Kritik serupa datang dari CEO Renault, François Provost. Dia bahkan menyebut sebagian PHEV sebagai "PHEV palsu", terutama model dengan jarak tempuh listrik murni yang sangat pendek.
Menurutnya, banyak konsumen jarang mengisi daya baterai karena jangkauan listriknya terlalu terbatas, sehingga mobil lebih sering beroperasi menggunakan bensin.
Beberapa model memang menawarkan jarak tempuh listrik yang cukup kompetitif. Misalnya, Volkswagen Tiguan eHybrid versi Eropa mampu menempuh hingga 75 mil (121 km) berdasarkan standar WLTP.
Namun, ada pula model seperti Mazda CX-60 PHEV yang hanya mampu menempuh sekitar setengah jarak tersebut sebelum mesin bensin kembali aktif.
Solusi: EV dengan Range Extender?
Alih-alih PHEV konvensional, Renault disebut tengah mempertimbangkan kendaraan listrik dengan penambah jarak tempuh (range extender EV).
Dalam sistem ini, motor listrik tetap menjadi penggerak utama, sementara mesin bensin hanya berfungsi sebagai generator pengisi daya.
Contohnya dapat ditemukan pada Leapmotor C10, yang menggunakan mesin pembakaran internal semata untuk menghasilkan listrik, bukan menggerakkan roda secara langsung.
Menurut Provost, konsep ini memungkinkan kendaraan digunakan sebagai mobil listrik untuk kebutuhan harian, namun tetap memiliki cadangan daya untuk perjalanan jauh hingga 1.000 km tanpa kekhawatiran kehabisan baterai.
Regulasi Eropa Makin Ketat
Sementara itu, regulator di Eropa mulai memperketat aturan emisi untuk kendaraan plug-in hybrid. Produsen dipaksa meningkatkan kapasitas baterai agar angka emisi resmi lebih realistis.

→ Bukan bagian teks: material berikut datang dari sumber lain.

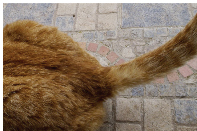
Figure 4. The lumbosacral and tail region of the cat of figure 1 12 months after surgery.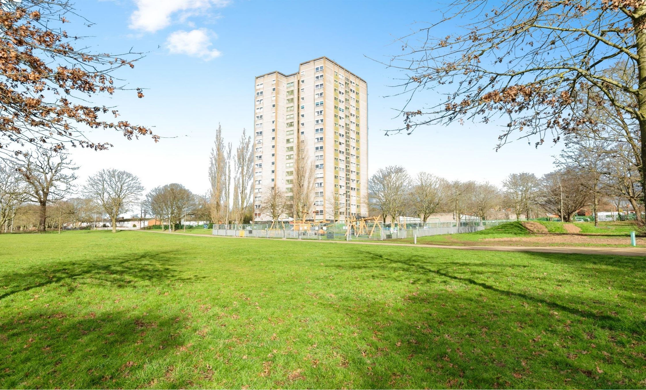
Harrow Court, Stevenage, SG1 1JT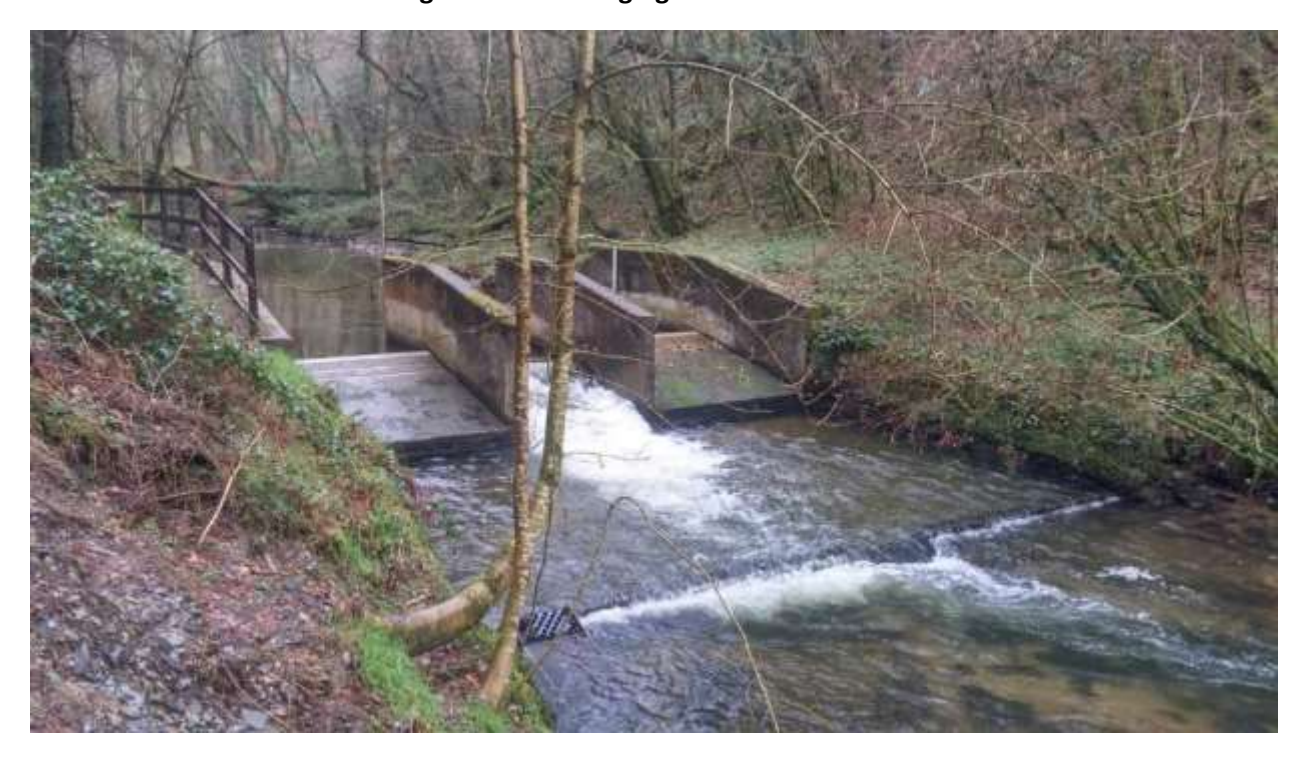
Photo 3: View of structure and downstream pre barrage and eel pass in low flows.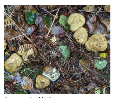
Common Earthballs (Scleroderma citrinum)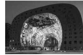
The Market Hall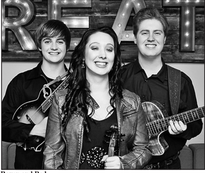
Raven and Red

In 2014, Raven and Red released their debut EP, cals.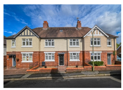
2 Cliff Gardens, Cliff Road, Bridgnorth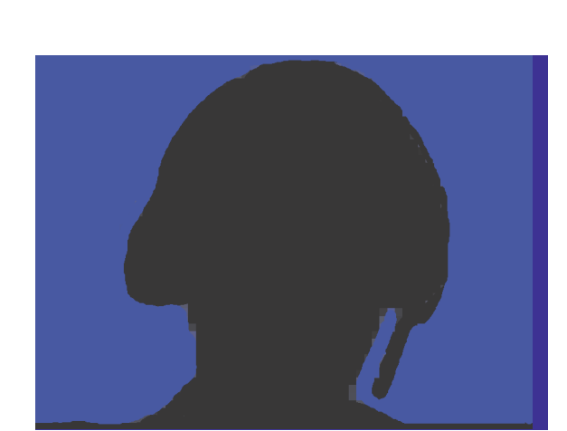
11/12/03 Caporale AlessandroCarrisi 23 Trepuzzi, Lecce Italy Killed in Nasiriyah when an I.E.D. exploded in the Italian paramilitary installation 6/o Transp. Regiment Italy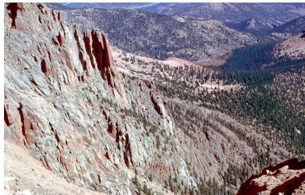
Photo op. looking over the edge of the road.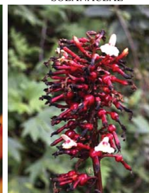
125 Renealmia fragilis ZINGIBERACEAE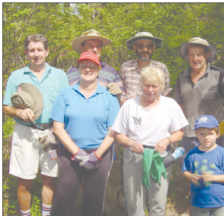
Volunteers (at Burrawong Reserve clean-up)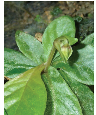
200 Napeanthus apodemus MP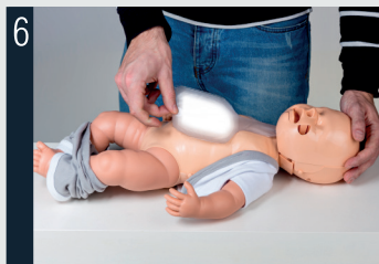
Place the lung on the chest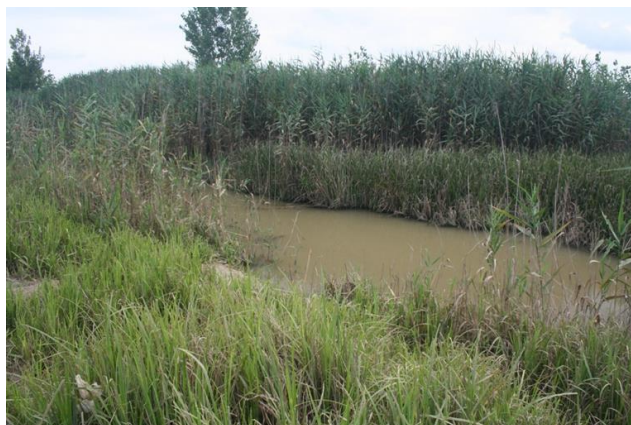
Fig. 6. Habitat of Hemiculter leucisculus , a canal that drains to Tajan River, Southern Caspian Sea basin.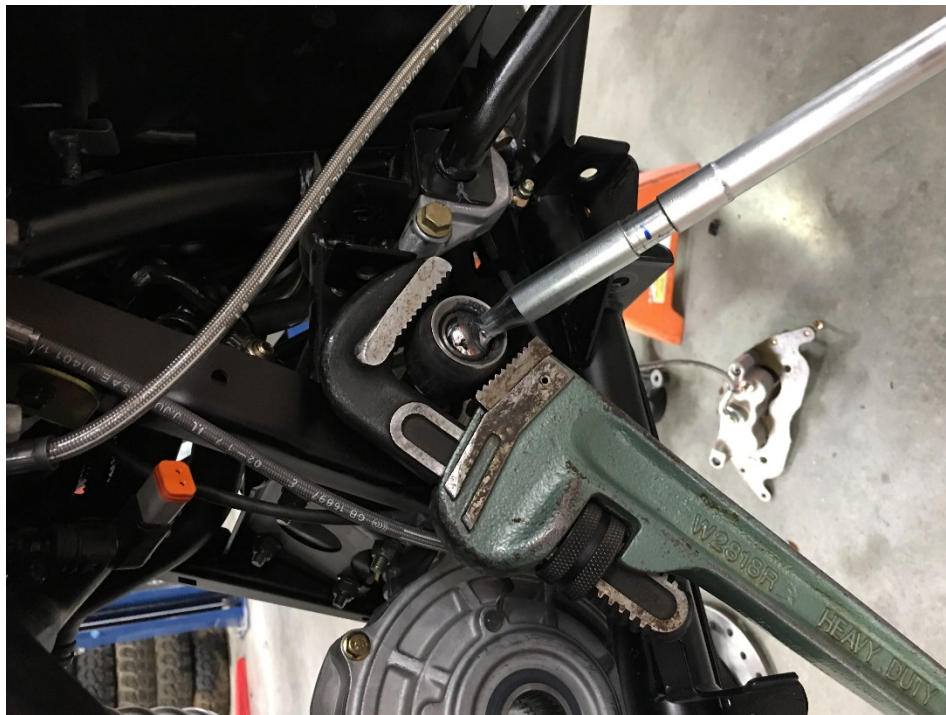
Figure 1: pull dust boot back, remove inner tie rod from rack bar.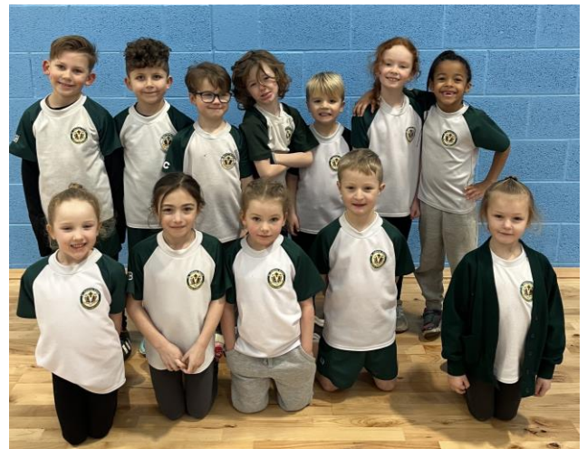
Friday 12 th January 2024: ATSA KS1 Sportshall Athletics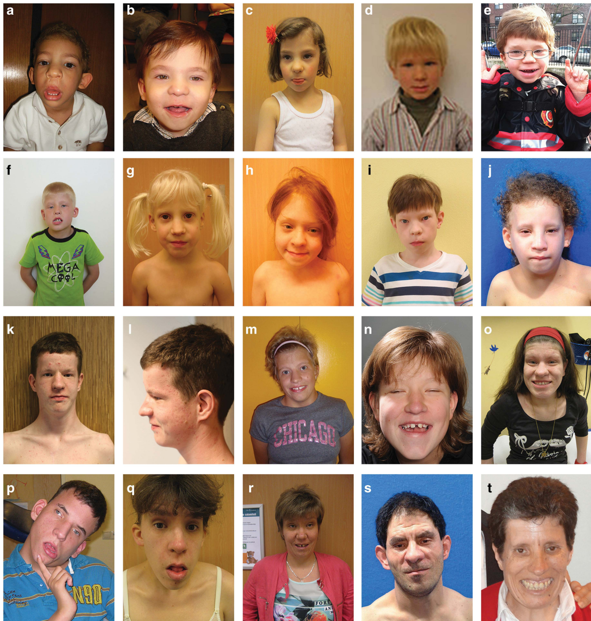
Figure 2 Clinical photographs of individuals with KdVS due to a 17q21.31 deletion. Facial photographs of (a) case 5; (b) case 7; (c) case 10; (d) case 11; (e) case 12; (f) case 14; (g) case 16; (h) case 17; (i) case 18; (j) case 22; (k) case 24 front view; (l) case 24 side view; (m) case 25; (n) case 26; (o) case 28; (p) case 29; (q) case 30; (r) case 31; (s) case 32; and (t) case 33. A written informed consent was obtained for publication of clinical photographs in the medical literature.

communicating hydrocephalus, periventricular white matter changes, 13,22,29 and partial pituitary stalk interruption syndrome. 19 Case 35 presented with a Chiari type 1 malformation, which has also been described by Terrone et al , 23 co existing with a mild anomaly of the medulla oblongata. Three cases in our cohort had spinal cord anomalies, including tethered cord (case 13), hydromyelia of the thoracic cord (case 38), and painful disabling dural ectasia and cysts (case 45). Interestingly, Tan et al 22 also described an individual with scoliosis, dural ectasia and a Tarlov cyst.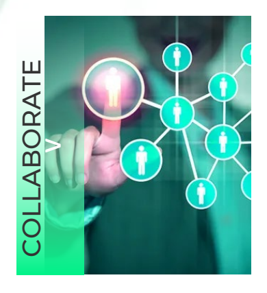
Collaborate through brainstorming, asking and answering questions, building on each other's ideas, and staying informed on emerging developments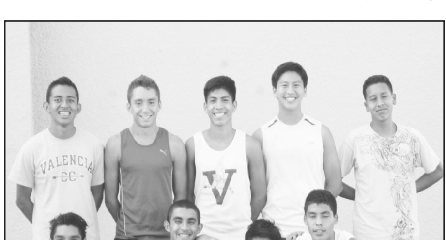
Boys Cross Country Team Poses for Camera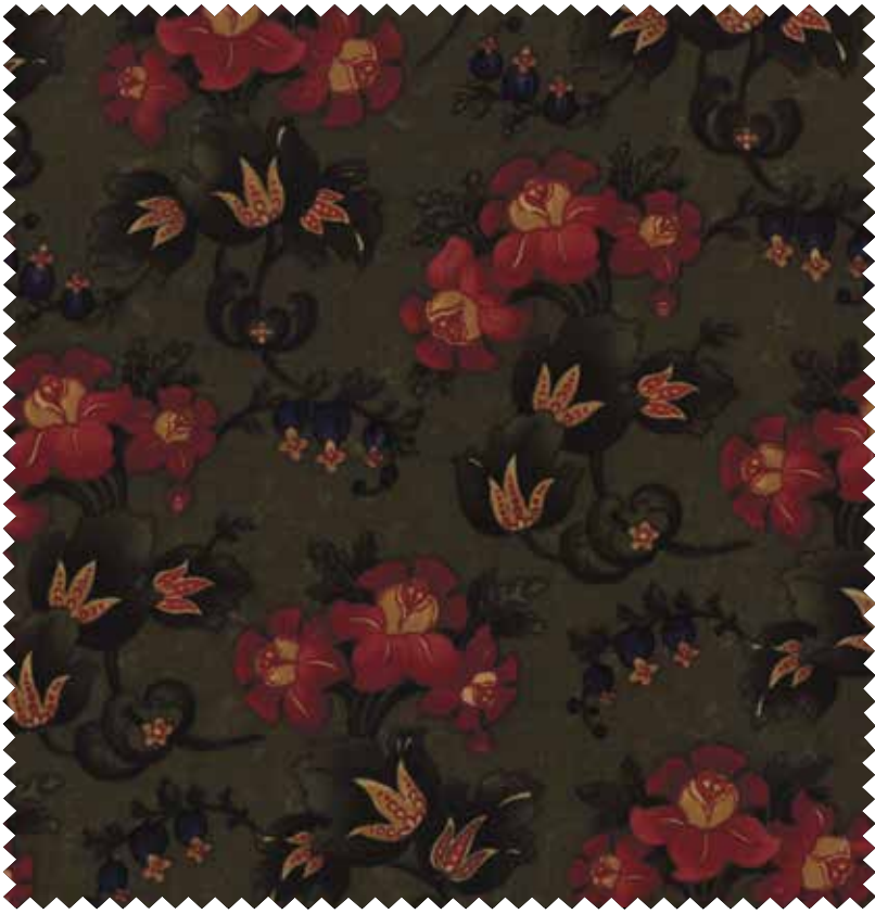
Nº 9430 13 Meadow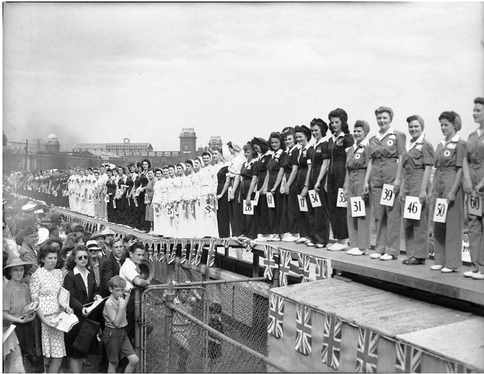
Figure 1. The Miss War Worker Beauty Contest, 1942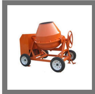
Tilting Drum Concrete Mixer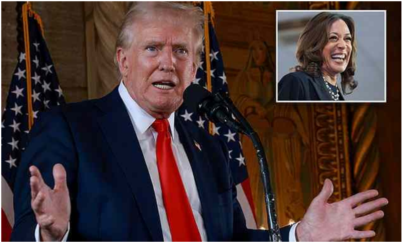
Trump repeats claims Kamala Harris ‘recently’ decided to be black 2k viewing now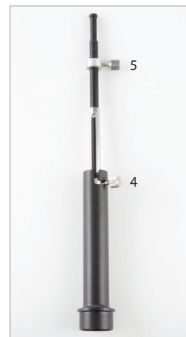
Figure 6: Syringe Installed in the Extraction Guide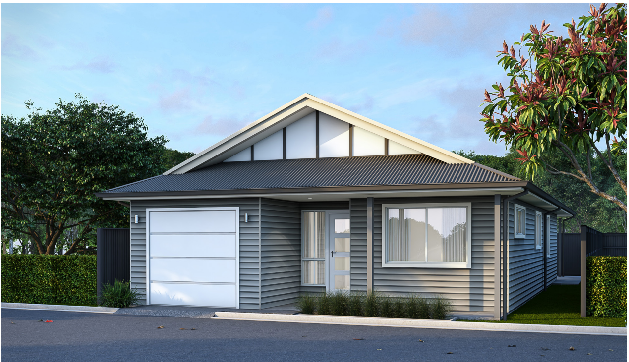
Image was produced prior to planning approval, statutory approval and commencement of construction and is subject to change. The information and image depicting interiors and exteriors are intended only as a guide and are not to be relied on as a representative of the final product.

The Forbes has all the features of modern day living. Step through the door into a spacious living and dining area, leading to a contemporary style kitchen. There are two generous sized bedrooms, both with built in robes, the main bedroom includes an ensuite and there is a family bathroom and a study. A lock up garage completes this stylish home.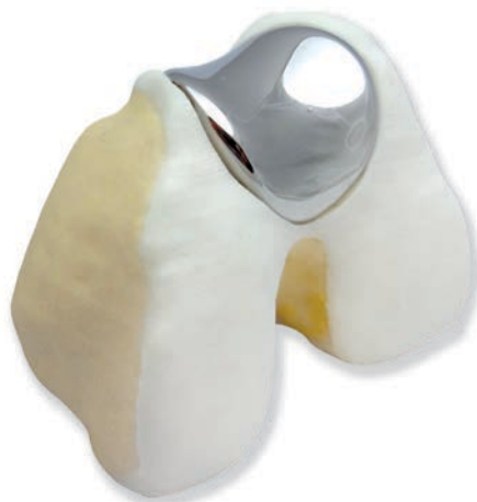
Fig. 2 – An actual custom made KineMatch PFR implant on a CT based model of the patient's knee.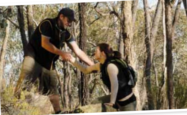
Besides all the exciting attractions on offer, Bendigo also has fantastic outdoor experiences for those families who enjoy the great outdoors!

Bendigo is known as a "City within a Forest", being completely surrounded by National and Regional Parks.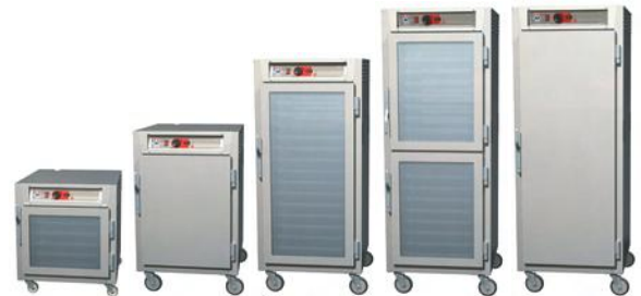
Under Counter Full Clear Door 1/2 Height Full Solid Door 3/4 Height Full Clear Door Full Height Dutch Clear Doors Full Height Full Solid Door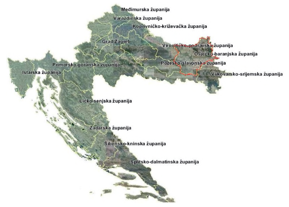
Fig. 3. Map of Osijek-Baranja County – project area

As shown by Figure 3 we used digital orthophoto map (DOP5) from Geoportal of State Geodetic Administration to describe the area of the project which is Osijek Baranja County<sup>5</sup> situated on eastern Croatia.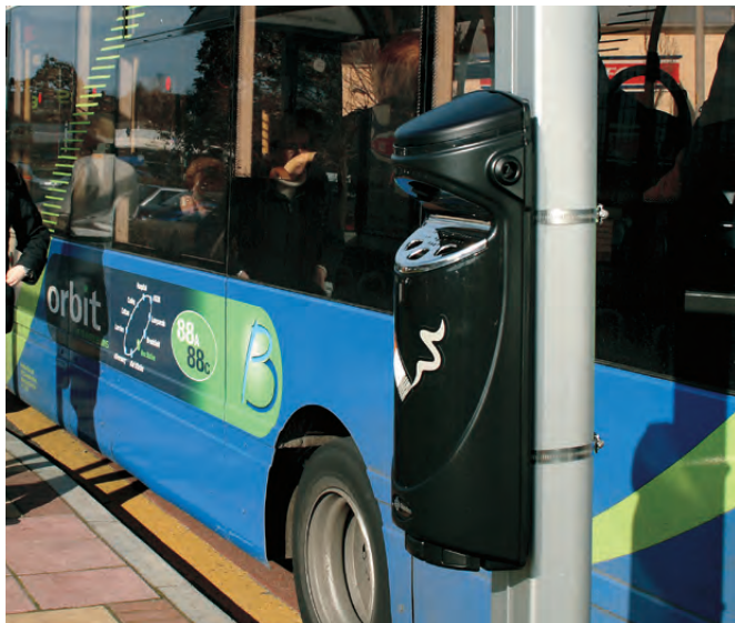
Ashmount SG™ Cigarette Unit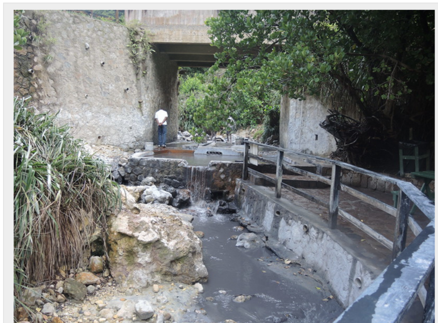
Playing in the mud at Soufriere Springs

Whether you come to St Lucia by cruise ship or to stay on the island, you'll find plenty of things to do. In just one afternoon my family and I experienced some of the best of what the island has to offer. We rented a car, but excursions or drivers can also be arranged.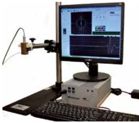
An eddy current test for ultra-small diameter wire detects short surface and subsurface cracks and welds using a Min-Imac® tester.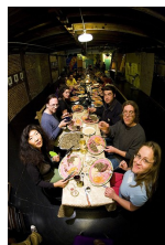
Getting together with friends is what it's about!

Mark your calendars. 7pm Thursday, May 15th either at Miller's Ale House located at the Gulf Coast Town Center off Alico Road and Ben Hill Griffin Parkway or the North Naples Country Club at 10095 Tami-ami Trail North. We figure that we can try out a few differ-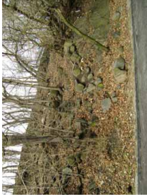
Photo 17. View west toward the steep slope and bedrock outcroppings located along the eastern end of Block D along Guion Street.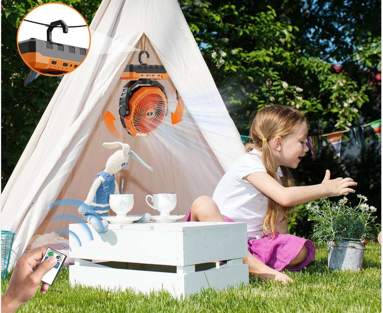
Image: The versatile FRIZCOL Camping Fan demonstrating its hidden hook for hanging and remote control functionality, allowing for customized airflow.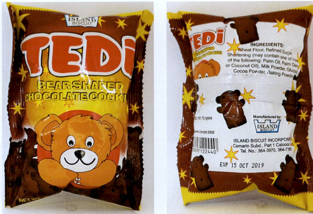
Figure 2. Unregistered ISLAND BISCUIT TEDI Bear-shaped Chocolate Cookies, 30 g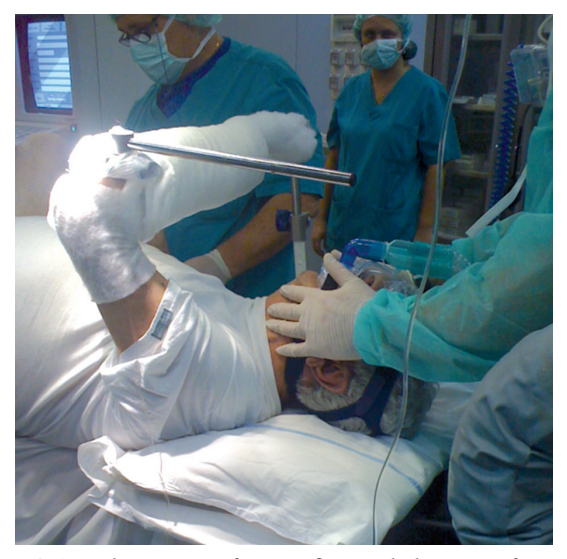
FIGURE 5. The same case of previous figure at the beginning of surqery

at-risk, compromised patients, and resulting in resource sparing compared to GA. However, the limitations and the adverse events of a non-invasive respiratory approach during surgery under NA should be carefully considered, together with the possibility to quickly convert NIV to invasive ventilation.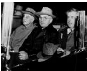
Roosevelt, Truman and Wallace

Throughout that first year, Henry Wallace, who Roosevelt had asked to stay on as Secretary of Commerce after Truman replaced him as Vice President, struggled valiantly to avert an arms race and ease the threat of nuclear war. When Wallace persisted in criticizing administration policy toward the Soviet Union and the bomb, Truman ousted him from the Cabinet. In his address to a national radio audience on the night he submitted his letter of resignation, Wallace again voiced the theme that provoked Truman’s ire, charging that the U.S. government’s present course may mean “the extinction of man and of the world.”[26] That Truman bears so much responsibility for creating this perilous state of affairs, regardless of his conscious intentions, justifies the application of such a harsh standard of judgment and demands a closer look at the man and his early presidency. For if Harry Truman, a relatively decent man, could behave so irresponsibly, what assurance is there that future presidents, under comparable circumstances, might not do the same? In fact, several have already come frighteningly close.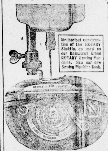
Mechanical construction of the ROTARY Shuttle, as used on our Damascus Grand ROTARY Sewing Machine. See our new Sewing Machine Book.

Among its many benefits to the operator are: Highest speed; noiseless; easiest to operate; double thread lock stitch; no twisting of thread; bobbin case easily removable; tension automatically self-adjusting for difference in length of stitch and thickness of goods; feed absolutely positive and most reliable known; tension release automatic; face plate removable without screw driver; take up is positive and automatic and handles properly any kind or size of thread, silk, cotton or linen; round needle bar saves oil and wear; stitch regulator marks 6 to 32 stitches to the inch; finest finish, nicked, enameled and ornamented; high arm with ample room for the most bulky work; and many other exclusive features, making it the most desirable and up to date machine, and the only one to buy.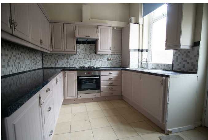
A family sized kitchen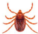
BROWN DOG TICK

These eggs hatch in July, and the life-cycle starts again when larvae become active in August. Typically, about 50% of adult blacklegged ticks are infected with Lyme bacteria.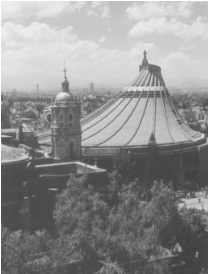
A view of the Basilica from the top of Tepeyac hill

After lunch, tour the Plaza of the Three Cultures and visit the Church of Santiago de Tlalteloco where St. Juan Diego was baptized and where he was headed when Our Lady appeared to him.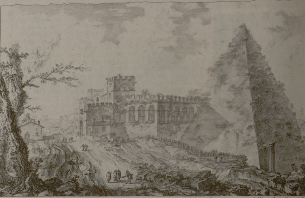
Two examples of the lithographs created by Luigi Rossini and Giovanni Piranesi on display for the J. Wayne Stark Gallery's "Classical Masters" exhibit.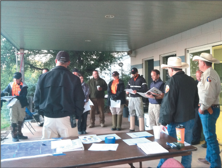
Everyone associated with Thursday's search gathers at the old Coke County Juvenile Justice facility for a morning briefing before heading out into the field.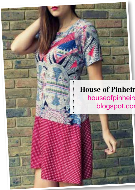
House of Pinheiro houseofpinheiro.blogspot.com

A globe trotting blog documenting pattern drafting, sewing projects, and inspiration along with travel stories.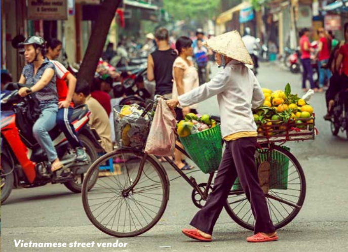
Vietnamese street vendor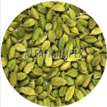
7.5-8.5 Mm Green Cardamom

Akibatnya, beberapa model hampir menggandakan ukuran baterai.
Namun ada konsekuensinya, yakni bobot kendaraan bertambah, efisiensi saat menggunakan bensin menurun, dan mobil tetap harus membawa seluruh komponen sistem listrik dan mesin pembakaran sekaligus.
Mana yang Paling Ideal?
Perdebatan ini semakin memperjelas masa depan otomotif belum memiliki satu solusi tunggal. Apakah kendaraan listrik (EV) murni dengan baterai lebih besar dan pengisian cepat lebih ideal?
Atau justru hybrid dengan range extender yang lebih fleksibel? Ataukah PHEV masih relevan sebagai solusi transisi?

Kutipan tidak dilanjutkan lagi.